══ EXERCISE DATA ══
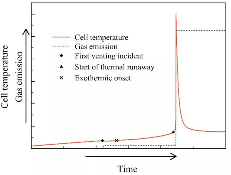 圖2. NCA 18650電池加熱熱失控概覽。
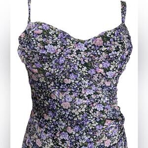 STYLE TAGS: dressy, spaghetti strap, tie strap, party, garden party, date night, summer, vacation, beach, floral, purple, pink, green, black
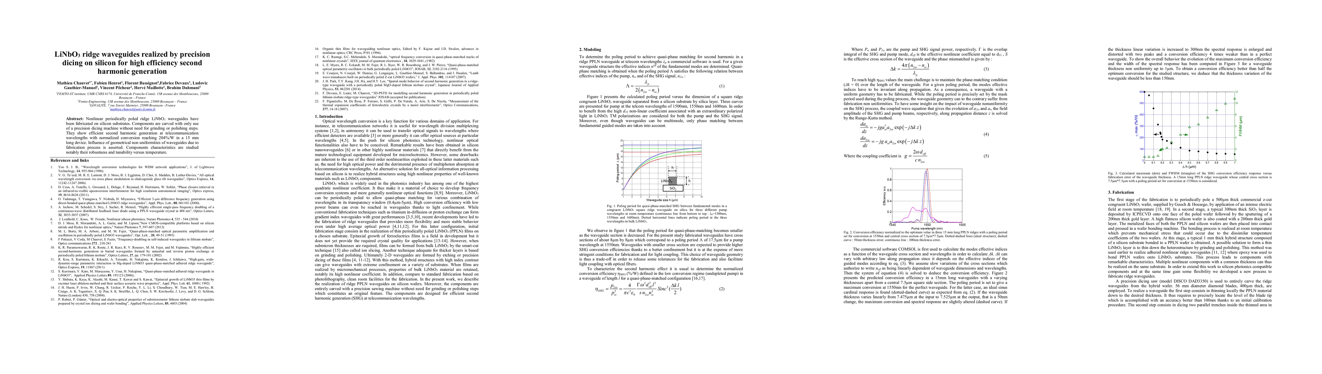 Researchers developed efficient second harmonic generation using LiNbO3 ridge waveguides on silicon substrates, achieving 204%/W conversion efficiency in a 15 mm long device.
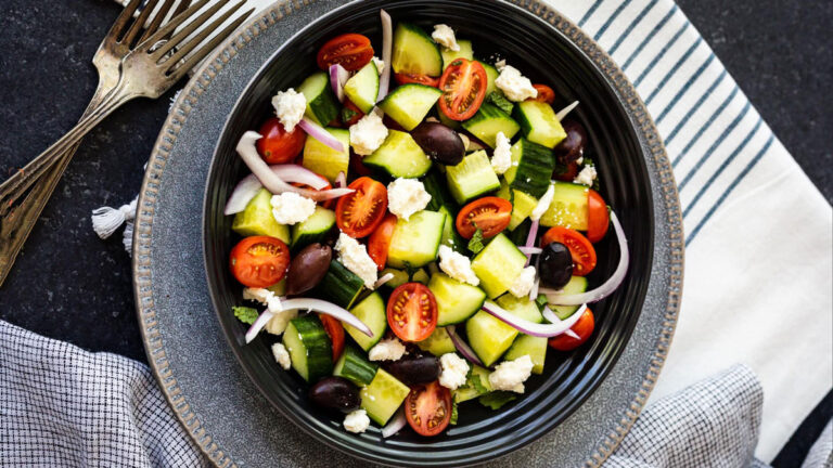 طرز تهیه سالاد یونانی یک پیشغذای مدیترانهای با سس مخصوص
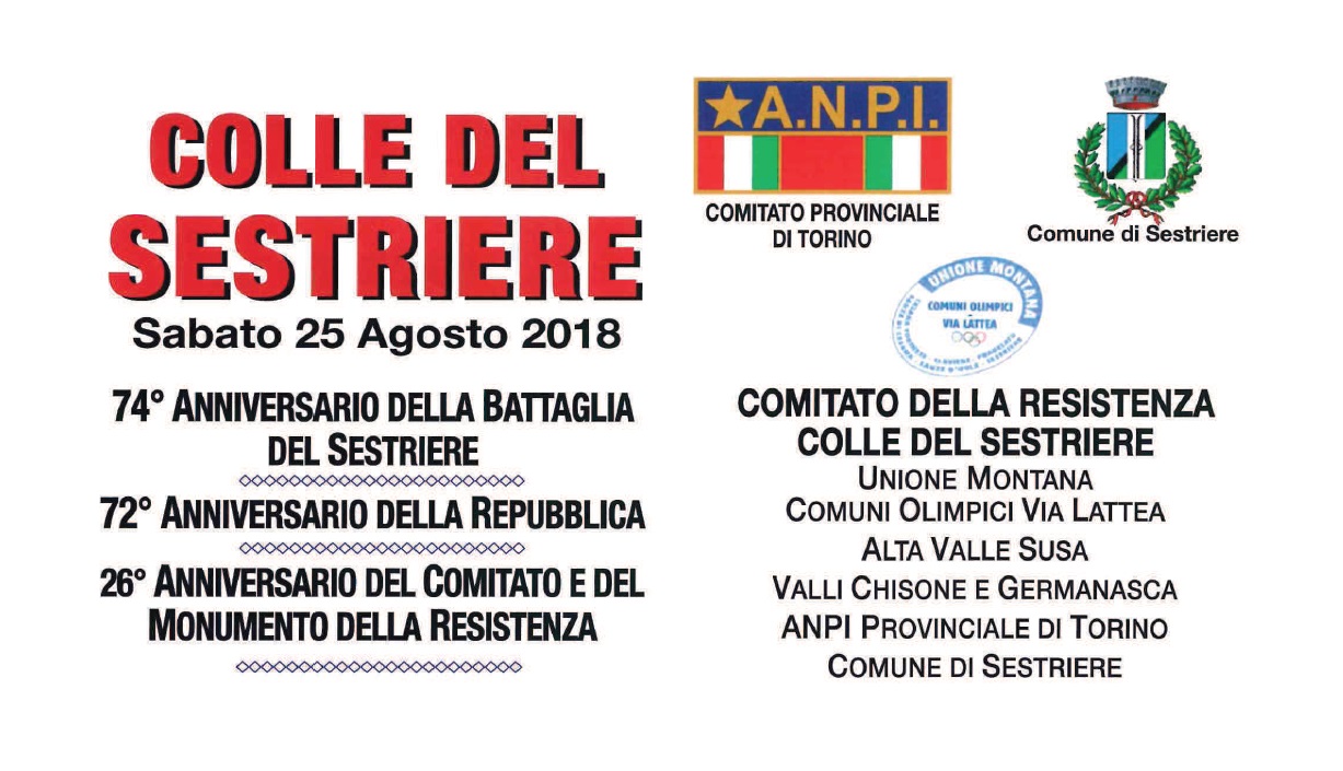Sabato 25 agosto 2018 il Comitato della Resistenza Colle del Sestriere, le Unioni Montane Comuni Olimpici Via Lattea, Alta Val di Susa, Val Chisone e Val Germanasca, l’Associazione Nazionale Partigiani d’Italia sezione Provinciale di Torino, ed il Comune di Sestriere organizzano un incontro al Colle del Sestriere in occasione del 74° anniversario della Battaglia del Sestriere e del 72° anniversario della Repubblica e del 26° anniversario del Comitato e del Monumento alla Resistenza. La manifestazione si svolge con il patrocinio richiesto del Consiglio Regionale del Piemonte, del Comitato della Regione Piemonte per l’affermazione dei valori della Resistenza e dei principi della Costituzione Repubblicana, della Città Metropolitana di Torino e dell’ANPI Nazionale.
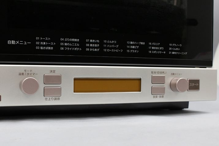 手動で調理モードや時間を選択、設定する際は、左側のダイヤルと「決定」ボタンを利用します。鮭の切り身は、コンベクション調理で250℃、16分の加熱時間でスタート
═══
══ EXERCISE DATA ══
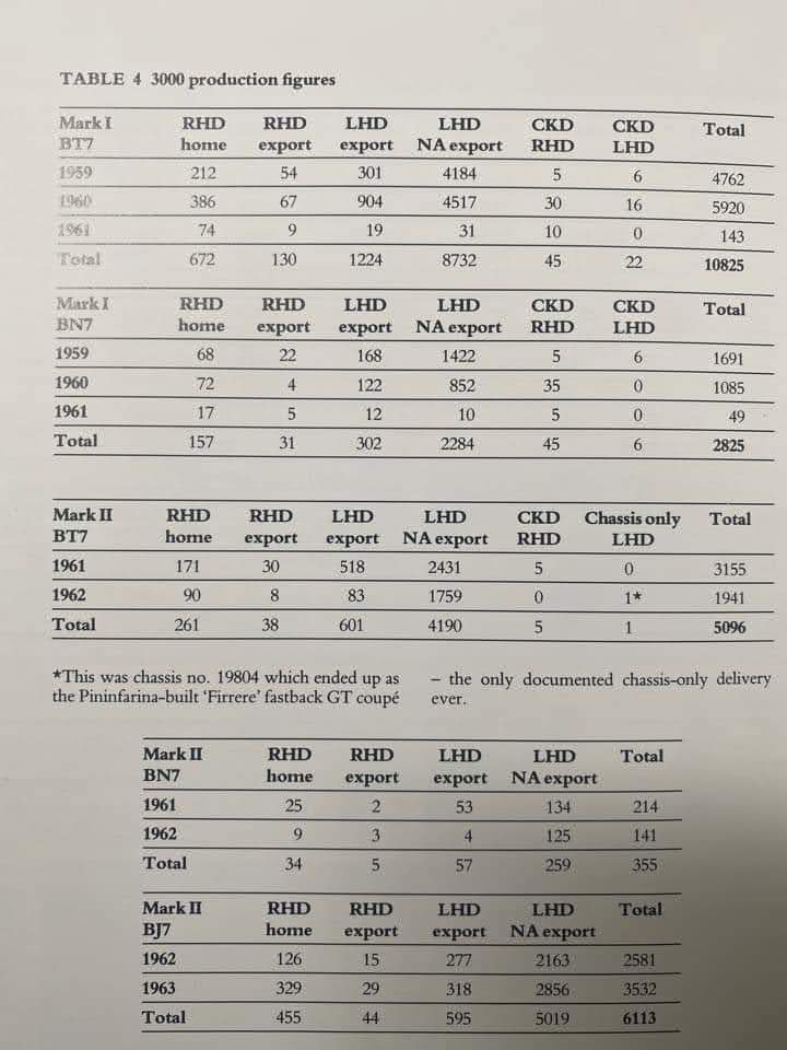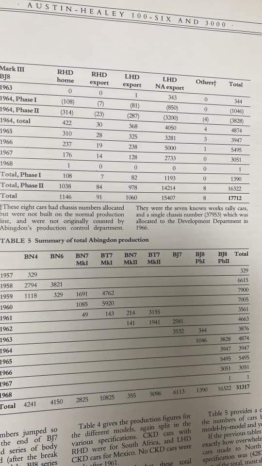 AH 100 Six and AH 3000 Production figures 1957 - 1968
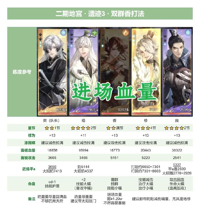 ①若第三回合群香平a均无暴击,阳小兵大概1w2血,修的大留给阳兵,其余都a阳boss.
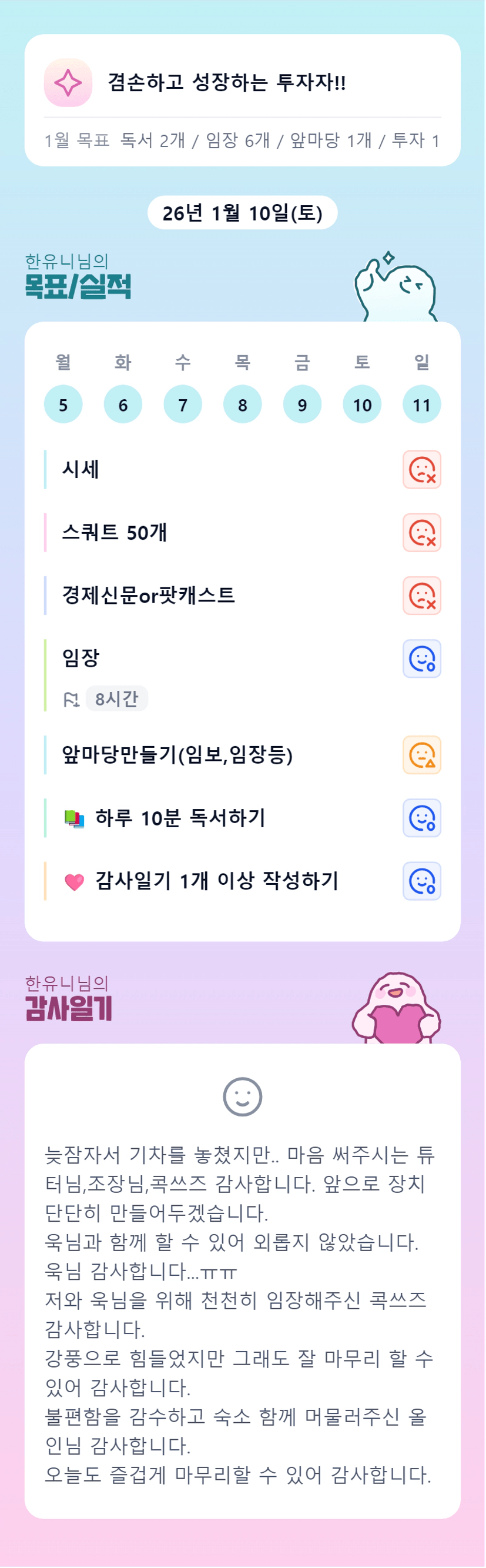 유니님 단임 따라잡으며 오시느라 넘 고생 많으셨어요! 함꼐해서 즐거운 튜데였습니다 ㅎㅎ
═══
■ YOUR ASSIGNMENT:
Within these entries, output exactly the lines starting at the one with "圖2. NCA 18650電池加熱熱失控概覽。" and finishing at the one with "طرز تهیه سالاد". Leave pictures out of the output.

■ TASK OUTPUT:
 圖2. NCA 18650電池加熱熱失控概覽。
 STYLE TAGS: dressy, spaghetti strap, tie strap, party, garden party, date night, summer, vacation, beach, floral, purple, pink, green, black
 Researchers developed efficient second harmonic generation using LiNbO3 ridge waveguides on silicon substrates, achieving 204%/W conversion efficiency in a 15 mm long device.
 طرز تهیه سالاد یونانی یک پیشغذای مدیترانهای با سس مخصوص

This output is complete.